Today, people are seeking to minimize the impact of technology on their lives, and instead opt for more analog experiences and some quality face-time with nature. A great way to reconnect with the natural world is to travel by train, like on Nevada’s train to nowhere and end the day with a spectacularly dark sky and starry night.
Technology, and the distractions that go along with it, is practically an addiction and is ever present in our lives today – entirely necessary, or a necessary evi – depending how you look at it. Many of us crave trading in technology, at least once in a while, for a chance to get back to nature. In fact, taking a train to the middle of nowhere for some serious stargazing, might just be what the doctor ordered.
How does it sound if I told you there’s a train to the middle of nowhere, where once at the remote destination, you can lose yourself under a cathedral of stars? Well in Nevada, a train has been recently constructed for this very purpose. Why not get away from the glowing lights and superficial luster of Las Vegas for something a little more timeless. Get to where few ever travel to for phenomenal stargazing to your heart’s content.
Ely, Nevada is a town that lies four hours north of Las Vegas and with a small population just under 4,000 inhabitants. It is here that travelers can climb aboard the Nevada Railway Museum’s, Great Basin Star Train, a vintage diesel locomotive for a sunset-scheduled departure into the great unknown.
The “train to nowhere” chugs along through sandy desert and over grassy valley floors towards Great Basin National Park in Eastern Nevada (near the Utah border). The park was established back in 1986 and boasts some of the darkest skies in the country. Bask in the glorious dark and gaze up agog at the Milky Way arching like a starry rainbow overhead.
Dark Rangers (the National Park Service’s working rangers in dark parks) will greet you upon the train’s arrival. Over the next two hours, you’ll have the opportunity to look through the specialized, high-powered telescopes that have been set up for you to observe the night sky in an up-close and detailed way.

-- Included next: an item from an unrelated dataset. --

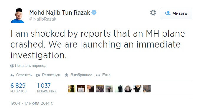 UPD 19.13 Премьер-министр Малайзии Наджиб Тун Разак шокирован произошедшим и заявляет о немедленном начале своего расследования.
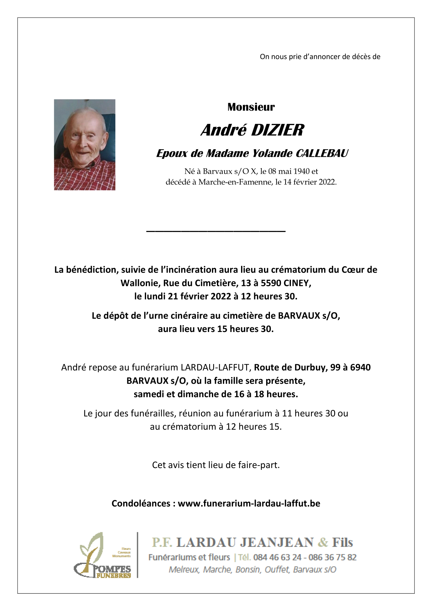 Décédé à Marche-en-Famenne (6900) le lundi 14 février 2022 à l'âge de 82 ans

Clear and moonless nights are the best. You’ll be able to witness thousands of stars spread across the entire solar system, along with plenty of meteorites and satellites darting across the night sky. It’s a combination of low humidity and high elevation that makes this place special and keeps the air crisp to the eyes.
Visitors will be guided through the different constellations and planets visible in the night sky that correspond to the time of year. After the educational and refreshing experience, the train returns to the city of Ely where ticket-holders have the option of spending the night at the station’s bunkhouse. There’s even the option of overnighting in a working caboose.
Few places in the United States afford such a clear view of the night sky due to sever light pollution from densely-populated areas. There are, however, a few places that continue to exist for a pristine nighttime experience. Pennsylvania’s Cherry Springs State Park is one such example, with surprisingly some of the darkest skies in the world.
You can check with the International Dark-Sky Association (IDSA) to see which of America’s parks have been designated as a dark park. A few recent additions to the IDSA list include California’s Joshua Tree National Park, Arizona’s Grand Canyon National Park, and Colorado’s Great Sand Dunes National Park and Preserve.
The Great Basin Star Train in Nevada runs May through September on select Fridays. Unfortunately, in so far as we have checked, the 2019 season is sold out. Tickets for the 2020 season will go on sale this fall. If this interests you, then don’t delay as tickets sell our very quickly.